In the data below, find the line with "4月29日上午麻豆网 邀请建" and the line with "润美灵犀天然茶籽除菌洗衣液2kg桶装", then restate both and every line between them exactly, minus the pictures.

> [SUPPLIED DATA]
※ ※ ※

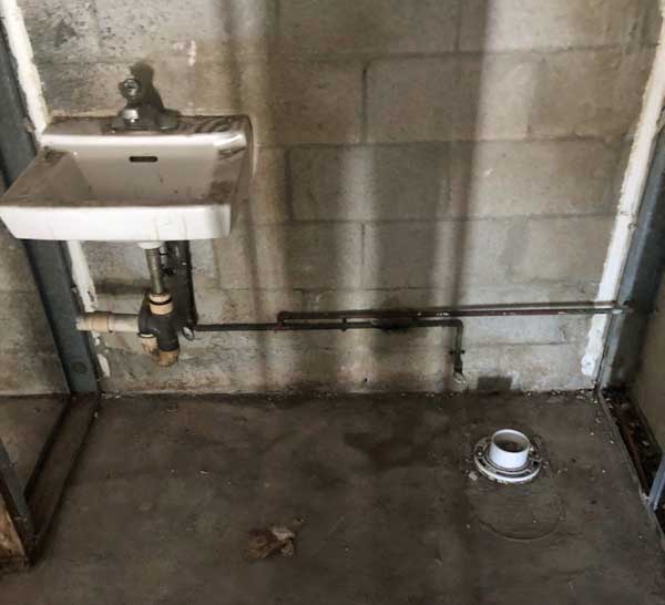 Downstairs Bath - Going towards the back right the downstairs bath has a floating vanity lit from below and holding a concrete sink. The black textured tile contrasts with the copper/grey porcelain tile on the adjacent wall. And what would a man cave be without a urinal?!
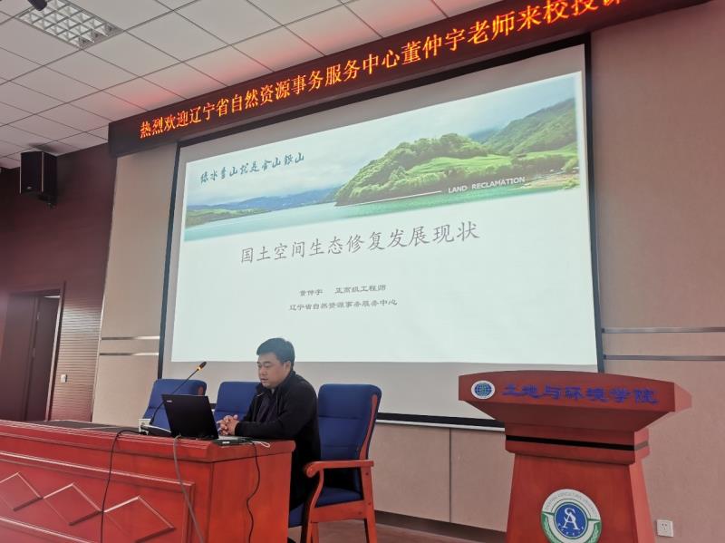 4月29日上午麻豆网 邀请建平盛德日新矿业有限公司刘永海董事长、辽宁省自然资源事务服务中心国土空间规划和生态修复部生态修复组组长董仲宇、辽宁省自然资源事务服务中心自然资源调查与确权登记部基本农田监测核查组组长靳洪武。分别以“铁矿山资源效率提升途径和绿色矿山建设”、“国土空间生态修复发展现状”和“辽宁省耕地保护工作动态及政策”为题,为土地整治工程本科生、土地资源管理学科硕士生进行专业教育与社会需求方面的讲座。
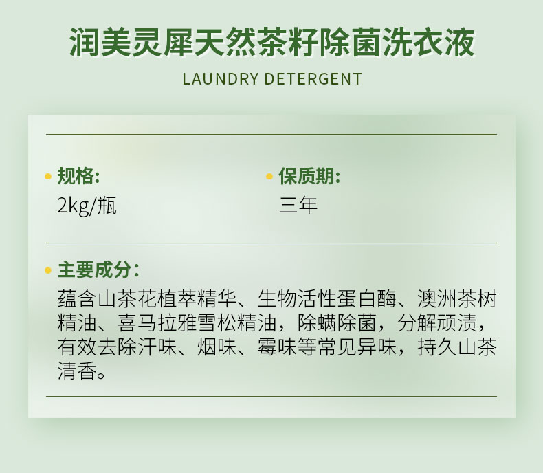 润美灵犀天然茶籽除菌洗衣液2kg桶装
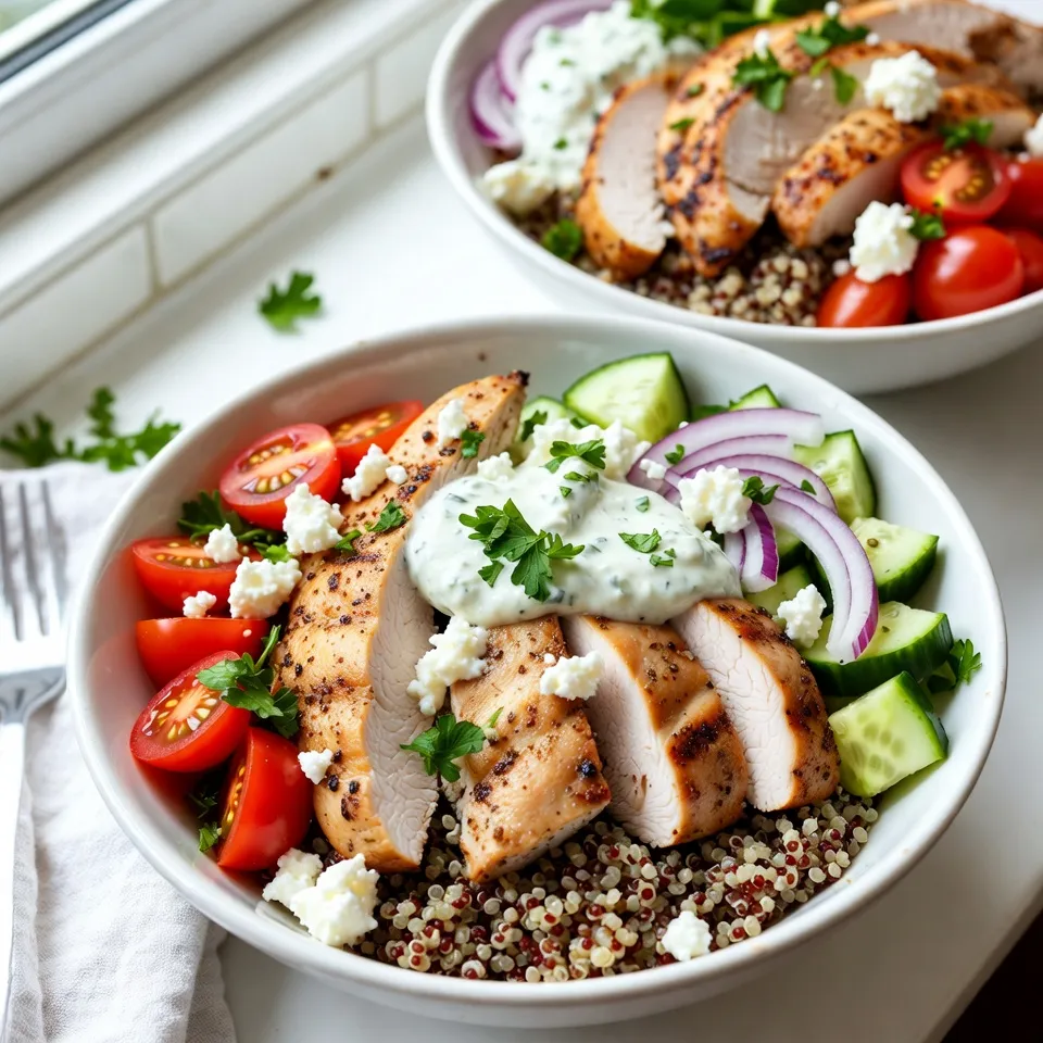 - Chicken and Marinade Ingredients - 2 boneless, skinless chicken breasts - 3 tablespoons extra virgin olive oil - 3 cloves garlic, finely minced - 1 tablespoon dried oregano - 1 teaspoon smoked paprika - Juice of 1 lemon - Salt and black pepper to taste - Base Ingredients - 1 cup cooked quinoa or brown rice - Toppings and Garnishes - 1 cup cherry tomatoes, halved - 1 cucumber, diced into bite-sized pieces - 1/2 red onion, thinly sliced - 1/2 cup feta cheese, crumbled - 1/4 cup tzatziki sauce (store-bought or homemade) - Fresh parsley, chopped (for garnish) These ingredients create a tasty and colorful Greek Chicken Gyro Bowl. The chicken marinated in olive oil, garlic, and spices gives it great flavor. The base of quinoa or brown rice adds a nice texture. Fresh veggies like tomatoes and cucumber make your bowl bright and healthy. Crumbled feta and tzatziki sauce tie everything together with rich, creamy goodness. Enjoy each bite of this well-balanced meal! {{ingredient_image_2}} To start, combine the marinade ingredients. In a large zip-top bag, whisk together: - 3 tablespoons extra virgin olive oil - 3 cloves garlic, finely minced - 1 tablespoon dried oregano - 1 teaspoon smoked paprika - Juice of 1 lemon - Salt and black pepper to taste Add the chicken breasts to this mix. Make sure they are well coated. Seal the bag or cover the dish. Place it in the fridge for at least 30 minutes. If you have time, marinate overnight for even better flavor. Next, cook the chicken. Preheat your grill or a stovetop grill pan to medium-high heat. Take the chicken from the marinade and let any excess drip off. Grill each breast for about 6-7 minutes on each side. You want the internal temperature to reach 165°F (75°C). When done, transfer the chicken to a cutting board. Allow it to rest for a few minutes before slicing it thinly. While the chicken grills, prepare your base. Cook 1 cup of quinoa or brown rice according to the package instructions. After cooking, fluff the grains with a fork. Let them cool slightly before using. Now it’s time to assemble the bowls. In individual serving bowls, start with a generous scoop of cooked quinoa or brown rice. Next, arrange the sliced grilled chicken on top. Add a colorful mix of: - Halved cherry tomatoes - Diced cucumber - Thinly sliced red onion This will create a vibrant and appealing presentation. Next, sprinkle crumbled feta cheese over the bowls. This adds a rich, tangy flavor. Top each bowl with a dollop of tzatziki sauce for creaminess. If you like, drizzle a bit of extra olive oil for richness. Finish your bowls with a sprinkle of chopped parsley. This adds color and freshness. Serve the Greek Chicken Gyro Bowls right away. Enjoy the delicious blend of flavors in each bite! To get the best chicken for your gyro bowls, marination is key. You want to mix olive oil, garlic, oregano, smoked paprika, lemon juice, salt, and pepper. Use a large zip-top bag or shallow dish to blend these well. Add the chicken, making sure it is fully coated. Seal the bag or cover the dish. Let it chill in the fridge for at least 30 minutes, or overnight if you can. This makes the chicken flavorful and tender. When cooking, the goal is juiciness. Preheat your grill or stovetop pan to medium-high heat. Take the chicken out of the marinade and let the extra drip off. Grill for about 6-7 minutes on each side. You want the chicken's internal temperature to reach 165°F (75°C). This ensures it is safe to eat and not pink inside. After cooking, let the chicken rest for a few minutes before slicing. This helps keep the juices in. You can cook chicken in different ways. Grilling gives a nice smoky flavor. If you prefer, use a stovetop grill pan or skillet. Both work great. For oven cooking, preheat to 400°F (200°C). Place the marinated chicken on a baking sheet. Bake for about 20-25 minutes, or until done. All methods give tasty results. Feel free to swap ingredients based on your needs. If you want a vegetarian option, try chickpeas or grilled veggies instead of chicken. For gluten-free options, use quinoa or brown rice as your base. You can also change up the seasonings. Add cumin or coriander for a different taste. Experiment with herbs like dill or parsley for extra flavor. This recipe is easy to make your own! Pro Tips Marinate Longer for More Flavor: For the best flavor, marinate the chicken for at least 2-4 hours, or even overnight. This allows the spices and lemon juice to penetrate the meat thoroughly. Perfectly Grill the Chicken: Ensure your grill is preheated to medium-high heat before adding the chicken. This helps to achieve a nice sear and prevents the chicken from sticking. Customize Your Toppings: Feel free to add or substitute toppings based on your preference. Olives, bell peppers, or even avocado can add unique flavors and textures to your gyro bowls. Serve with Fresh Herbs: Adding fresh herbs like dill or mint can elevate the flavors and give your gyro bowls a fresh, vibrant taste that complements the other ingredients. {{image_4}} For a vegetarian twist, you can swap out the chicken. Here are some great substitutes: - Grilled eggplant slices - Marinated tofu cubes - Chickpeas, roasted for crunch These options give you tasty protein alternatives. I like using marinated tofu. It soaks up flavor well. To enhance your Greek Chicken Gyro Bowls, add extra ingredients. These can boost flavor and nutrition: - Artichoke hearts - Kalamata olives - Roasted red peppers Try seasonal vegetables to keep it fresh. Some suggestions include: - Zucchini in summer - Butternut squash in fall - Spinach in spring These ingredients bring a burst of color and taste. You can also change how you serve your meal. Wraps or pitas are great for a fun twist. Here are some ideas: - Fill a pita with your gyro bowl ingredients. - Use large lettuce leaves for a low-carb option. You can switch the base too. Instead of quinoa or brown rice, try: - Farro for a nutty taste - Couscous for lightness T

※ ※ ※

> [RESULT OF THIS EXERCISE]
 4月29日上午麻豆网 邀请建平盛德日新矿业有限公司刘永海董事长、辽宁省自然资源事务服务中心国土空间规划和生态修复部生态修复组组长董仲宇、辽宁省自然资源事务服务中心自然资源调查与确权登记部基本农田监测核查组组长靳洪武。分别以“铁矿山资源效率提升途径和绿色矿山建设”、“国土空间生态修复发展现状”和“辽宁省耕地保护工作动态及政策”为题,为土地整治工程本科生、土地资源管理学科硕士生进行专业教育与社会需求方面的讲座。
 润美灵犀天然茶籽除菌洗衣液2kg桶装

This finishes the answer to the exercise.